The role of mentorship in universities: the knowledge management framework
DOI:
https://doi.org/10.34190/eckm.23.1.470Abstract
Abstract: In this paper we discuss mentorship in the university context with a focus on knowledge sharing and creation. We assume from the outset that academics and actors representing practice, as well as students, can be considered as distinct or interlinked communities of practice, where the participants of the community share similar values, norms and practices that follow community-specific dominant logics. We suggest there is a role for mentors between academia, student life and fields of practice, and that the knowledge creation and sharing processes can take different formats, similar to changing mentor roles in facilitating or sharing the knowledge processes.
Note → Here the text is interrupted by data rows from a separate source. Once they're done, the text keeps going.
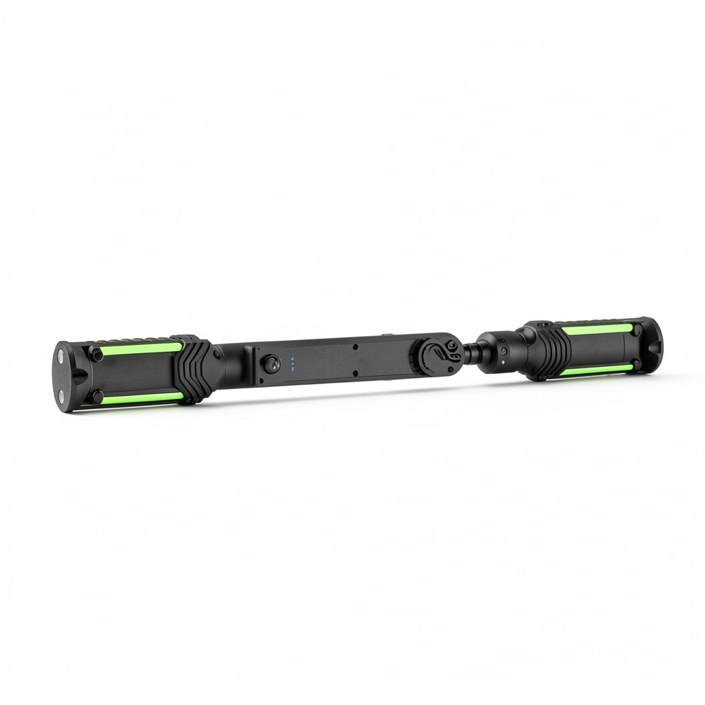 The SYLSTAR magnetic rechargeable LED work light is engineered for professionals and DIY enthusiasts needing reliable, hands-free illumination. Featuring a highly flexible design with 360° horizontal and 330° vertical rotation, it adapts to any workspace. Constructed from tough ABS fluorescent housing with rubber ends for shock resistance and an IPX4 waterproof rating, it withstands harsh conditions. Powered by a 4400mAh built-in battery, it offers up to 4 hours of runtime in high-brightness mode (2400LM) and includes a Type-C charging port for convenience. Dimensions are 2.2 x 2.2 x 27.8 inches, weighing 1.26 pounds, and it comes with two Lithium Ion batteries included.
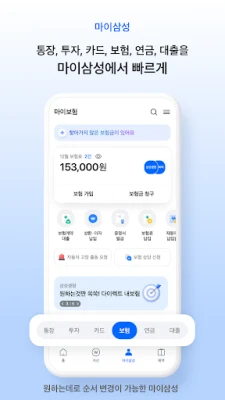- 마이보험 : 삼성금융 보험 정보와 월 보험료를 한 눈에 조회하고, 보험금 청구도 편리하게 가능해요.
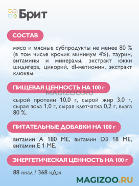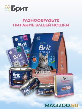Полнорационный консервированный корм Брит премиум класса. Воздушный паштет с кроликом для кастрированных котов и стерилизованных кошек.
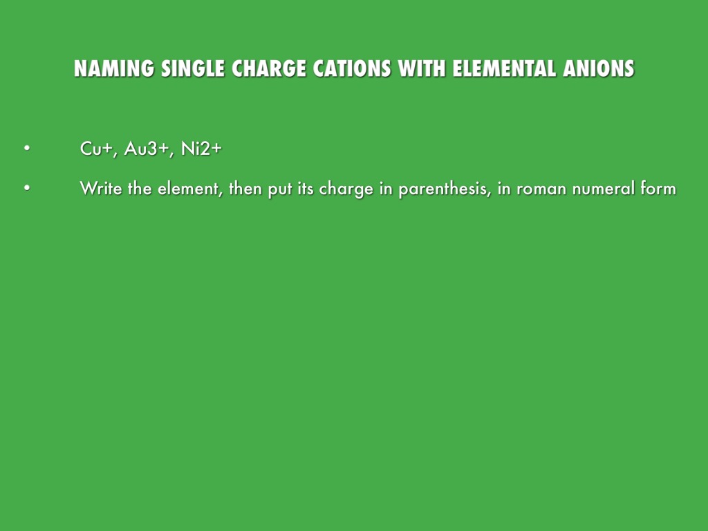 NAMING SINGLE CHARGE CATIONS WITH ELEMENTAL ANIONS
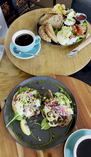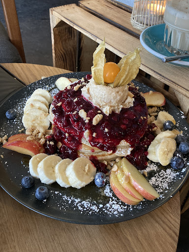 Place is popular, better reserve a place in advance, we were happy not to wait too long to get a table for two :) We had a Vegan Mezzeteller and P&J pancakes. Mezzeteller was very nice, but it could use an extra slice of bread/bagel, because the ratio of dips to bread was a bit not even, so that some of it was wasted. Dips were nice, but so called „Pink Hummus“ (beetroot sauce idk), was too plain and boring in a taste, it didn’t really go with everything else from the plate. Additionally, we took Chai Latte with homemade Sirup and big cappuccino. Chai latte was amazing, strongly reminded me of Indian Masala Chai, but cappuccino was disappointing. It had an uneven dark foam on the top, right after it was prepared, which meant that it’s gonna be a bitter coffee, and so it was. It was okay, but later I could also feel how sour the espresso was, which was not a good feature. Maybe they didn’t check their espresso in a while, or just overdo mine, or it could also be a poor mixing technique. But overall, food was good, staff is really cool and charming, they try their best during the heavy hours, and we loved the...
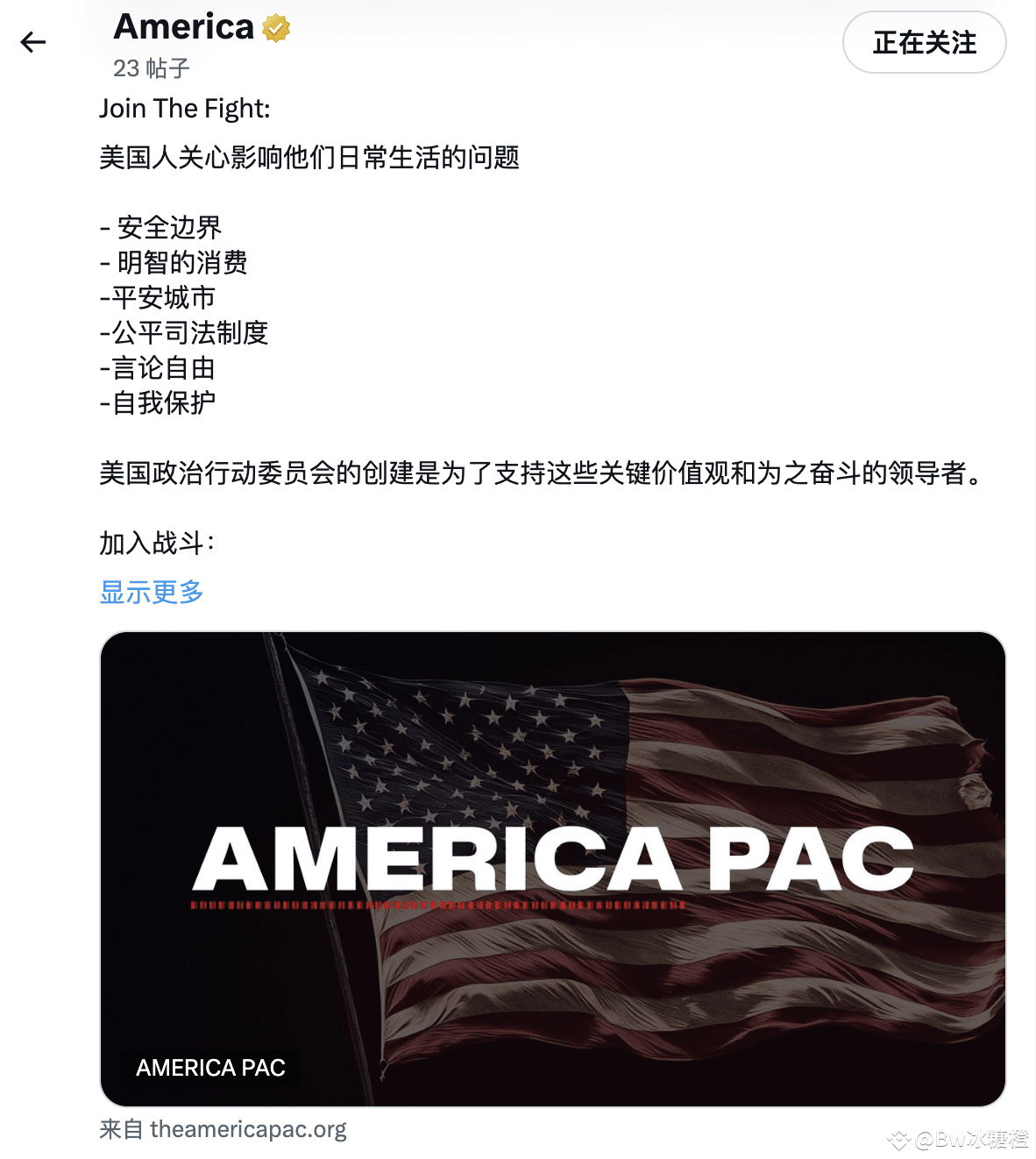 PAC意为,美国政治选举管理委员会,由包括马斯克在内的资金支持,马斯克会通过这个组织向特朗普捐款,从而支持特朗普的竞选,PAC后面有一系列的价值观,即当下的美国梦,政治memecoin
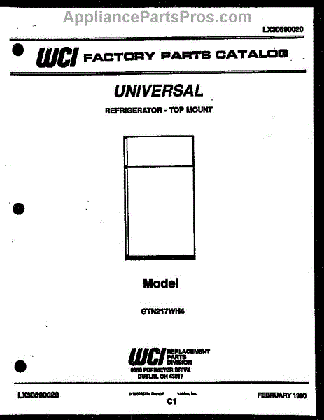 Parts for Frigidaire GTN217BH4: 01 - Cover Parts
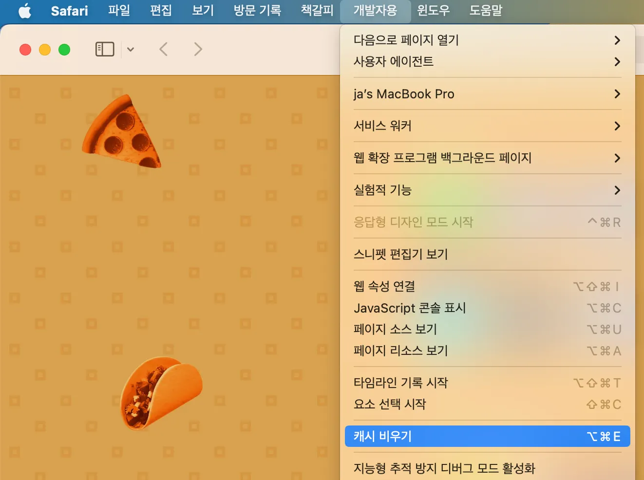 맥의 메뉴 막대에서 [개발자용] 메뉴를 클릭한 후 [캐시 비우기]를 클릭하여 캐시를 삭제합니다.
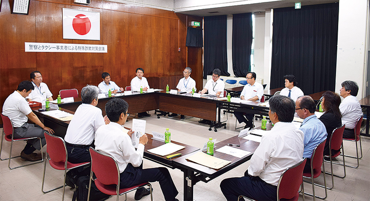 対策会議には、緑区内に本社や営業所を構える富士交通(有)・スタジアム交通(株)のほか、長津田・十日市場・中山・鴨居駅などに乗り入れる9社中6社が参加。冒頭であいさつに立った磯野署長は「直接被害者宅まで来てキャッシュカードなどをだまし取り、近くのATMで現金を引き落とす事例が多くなっている。犯人は地理に詳しくないためタクシーを利用します。犯人検挙のために各社と情報交換を密にしたい」と協力を求めた。その後は同署生活安全課や刑事課の捜査員らが県内や同署管内の発生状況や傾向を報告。それによると、今年緑署管内で発生している特殊詐欺の発生地区は東本郷(16%)、長津田(15%)、中山町(10%)に集中しており、鴨居(8%)、白山(同)、竹山(6%)と続いている。こうした状況について同署は「横浜線沿線で新横浜や町田などのターミナル駅から移動しやすい点が影響しているのではないか」と分析。また、直接現金を受け取る「受け子」の約3割が未成年の男性であるため「スーツ姿なのにピアスをしている」「タクシー内で携帯電話を使用し金の話をしている」などの不審な点があった場合に通報するよう呼び掛けていた。
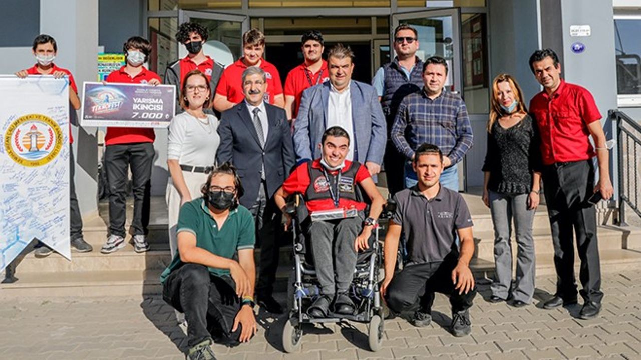 Yüzde 98 engelli arkadaşları Ege Katmerci'nin hayatını daha yaşanabilir kılmak için geliştirdikleri projeyi Başkan Yetişkin'e anlatan çocuklar 'Hem okulda öğrendiklerimizle hem de 3D yazıcıyla neler yapabileceğimizi kararlaştırarak Ege abi için aparatlar tasarladık. Bunlardan ilki bir fotoğraf çekme makinesi. Ege abi bir Solo Türk hayranı, uçakları ve fotoğraf çekmeyi çok seviyor. Bu hobisini gerçekleştirebilmesi için yatay ve dikey açıda dönebilen bir aparat geliştirdik. Bu aparatın bağlı olduğu bir buton, Ege abinin aracında bulunuyor. O butona bastığında istediği gibi fotoğraf çekebiliyor. Parmak kaldırmak bizim için çok basit olsa da Ege abi için çok büyük bir şey. Çünkü sınavlarda kağıdı, kalemi düşüyor ya da silmesi gereken bir yazı oluyor. Öğretmene seslenmesi arkadaşlarının dikkatini dağıtmasına sebep olabiliyor. Onun bu ihtiyacını karşılamak için geliştirdiğimiz parmak kaldırma aparatıyla Ege abi, önündeki butona basarak rahatlıkla parmak kaldırabiliyor' ifadelerini kullandı.
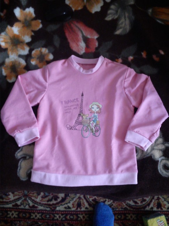 Шитье одежды, выкройки, ремонт одежды, шторы, швейные машины (уже приобретенные)Продолжаю осваивать оверлок. Вот такой джемперок сшился доченьке из футера 2-хнитки с лайкрой и рибаны с лайкрой:

We discuss the roles of mentors in the knowledge sharing contexts of communities of practice building on previous studies reflecting the professional identity of students and mentoring in those same contexts. We look at knowledge and learning as processes, acknowledging the specific nature of tacit and explicit knowledge following the perspectives from the SECI model and experiential learning. We further elaborate the role of mentors in sharing and building knowledge focusing on the university context. The results indicate that mentoring takes various forms and needs different enabling processes in different contexts within university cycles. The role of informal unexpected mentoring occurring within the ‘ordinary’ learning context is often ignored. The contribution of the paper provides a deeper understanding of mentoring in the university, as well as elaborating on the mentor as a knowledge activist contributing new insights in knowledge management discussions. The study has managerial implications related to new approaches to transforming mentoring from being an “add-on” activity to an integrated part of university curriculum development.